According to June 2008 reports by a Norwegian-based blogger calling himself African Press International (API), Kabuga was in hiding in Oslo, and may have been seeking to turn himself in. Authorities dismissed this claim as a hoax.

The United States State Department offered a reward of US$5 million for information leading to Kabuga's arrest. On 14 June 2008, KTN News Kenya reported that Kabuga had been arrested the day before and was being held at Gigiri Police Station in Nairobi. Later the suspect was found to be a local university lecturer, not Kabuga, and released.
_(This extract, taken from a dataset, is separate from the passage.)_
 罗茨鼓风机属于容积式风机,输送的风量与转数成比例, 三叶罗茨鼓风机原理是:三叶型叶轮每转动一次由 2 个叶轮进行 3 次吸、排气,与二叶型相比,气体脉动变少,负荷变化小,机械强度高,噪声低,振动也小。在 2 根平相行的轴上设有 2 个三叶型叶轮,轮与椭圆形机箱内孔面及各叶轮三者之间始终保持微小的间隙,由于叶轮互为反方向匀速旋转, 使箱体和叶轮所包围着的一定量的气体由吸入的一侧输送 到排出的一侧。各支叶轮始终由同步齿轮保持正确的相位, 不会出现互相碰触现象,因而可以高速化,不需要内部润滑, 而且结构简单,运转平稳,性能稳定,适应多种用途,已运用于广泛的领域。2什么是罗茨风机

It was earlier suspected that Kabuga resided in Kenya and was running businesses and enjoying protection from either the Kenyan government or some influential figures within the country.

==Arrest and court proceedings==
On 16 May 2020, police arrested Kabuga, aged 87, in Asnières-sur-Seine, near Paris, France, by which time
he had spent 26 years as a fugitive. French authorities expressed a desire to see him tried for crimes against humanity committed against the Tutsis of Rwanda. He was arrested by French police as the result of a joint investigation with the IRMCT Office of the Prosecutor, assisted by Interpol and law enforcement agencies in Rwanda, Belgium, and the United States. On 27 May, Kabuga denied the charges and was denied bail.
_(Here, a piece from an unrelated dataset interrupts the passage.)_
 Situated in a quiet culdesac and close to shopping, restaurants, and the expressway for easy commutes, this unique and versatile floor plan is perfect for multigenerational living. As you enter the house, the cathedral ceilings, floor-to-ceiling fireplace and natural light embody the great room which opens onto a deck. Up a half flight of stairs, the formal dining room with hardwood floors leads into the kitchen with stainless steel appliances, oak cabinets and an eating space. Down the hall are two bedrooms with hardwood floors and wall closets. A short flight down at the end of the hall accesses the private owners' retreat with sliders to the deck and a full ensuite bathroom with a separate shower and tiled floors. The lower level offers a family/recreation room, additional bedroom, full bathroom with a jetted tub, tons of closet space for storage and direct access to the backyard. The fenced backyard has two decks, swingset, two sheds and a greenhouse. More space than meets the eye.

On 3 June and then on appeal on 30 September 2020, the French justice system approved the handover of Kabuga to the IRMCT. On 26 October 2020, he was transferred from France to the custody of the IRMCT branch in The Hague. He pleaded not guilty.
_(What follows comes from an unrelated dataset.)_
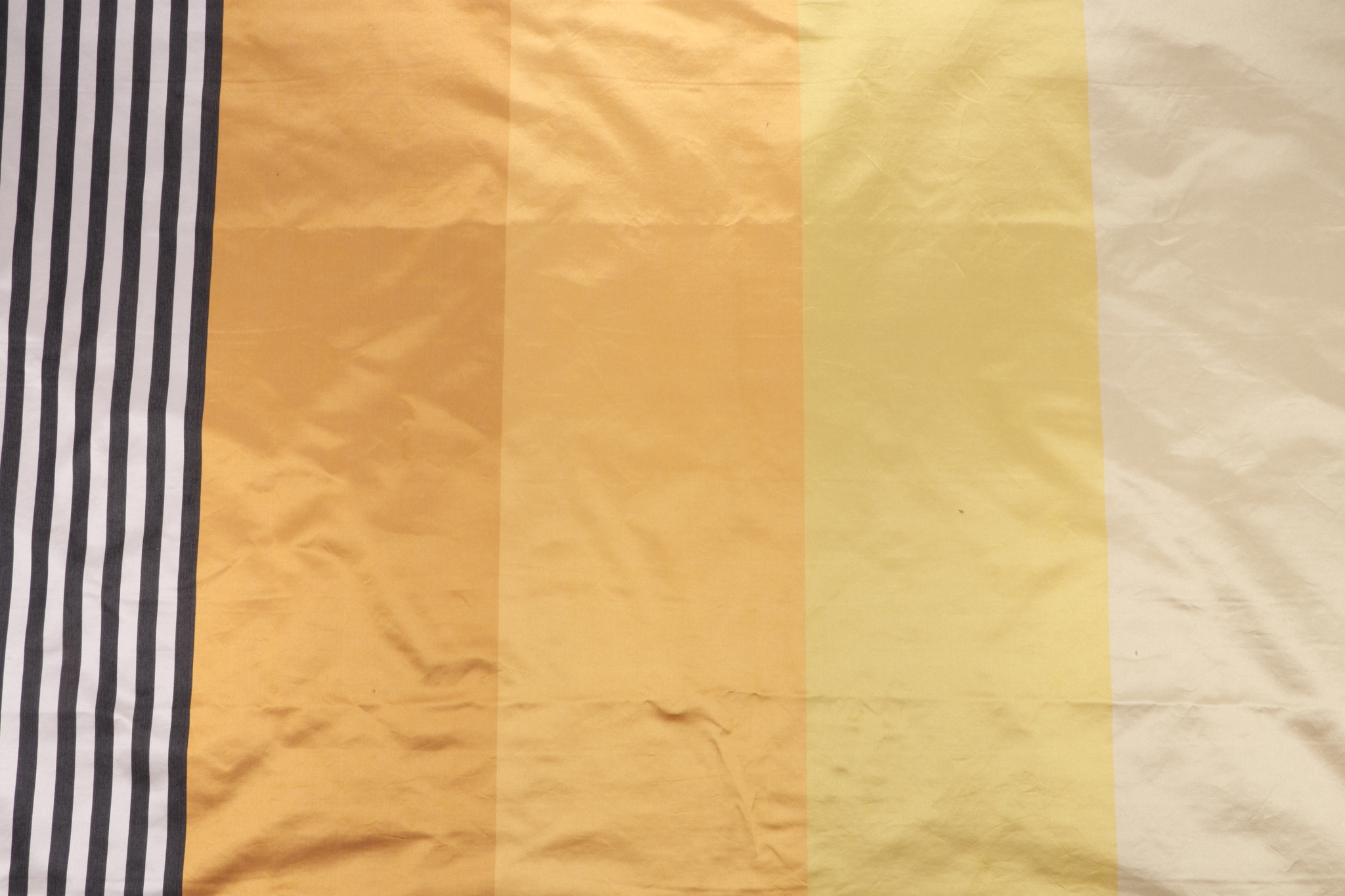 Scalamandre Candy Woven Decorator Fabric in Soleil is a remnant. Fabric remnants refer to leftover pieces of fabric from production runs at manufacturing sites or pieces that remain from by the yard stock. The lengths of these remnants can vary from a few inches to several yards and are typically sold at a reduced price, since they represent remaining inventory.

Kabuga's trial began on 29 September 2022. In March 2023, the trial was suspended to assess claims by his lawyers that he suffered from dementia and was not mentally competent to stand trial. The court announced that it had received an independent medical report regarding Kabuga's mental fitness and would be holding further hearings over the coming weeks. Several psychiatrists subsequently testified that Kabuga suffered from both vascular dementia and Alzheimer's disease and was not fit to stand trial.

On 7 June 2023, the IRMCT ruled Kabuga unfit to stand trial. According to the judges, Kabuga was "no longer capable of meaningful participation in his trial". This was based on his medical records and reports from staff who cared for him. The court suggested the judges adopt an alternative procedure that resembles a trial as closely as possible but without the possibility of a conviction.

==Death==
Kabuga remained in detention until his death, despite the court ordering his release. Only Rwanda offered to take him in, and Kabuga rejected repatriation to Rwanda on the grounds of it being unsafe for him to return. He died while under detention in The Hague on 16 May 2026, at the age of 93.

==Personal life==
Kabuga was married to Josephine Mukazitoni, and had 11 children. Two of his daughters are married to two of Juvénal Habyarimana's sons.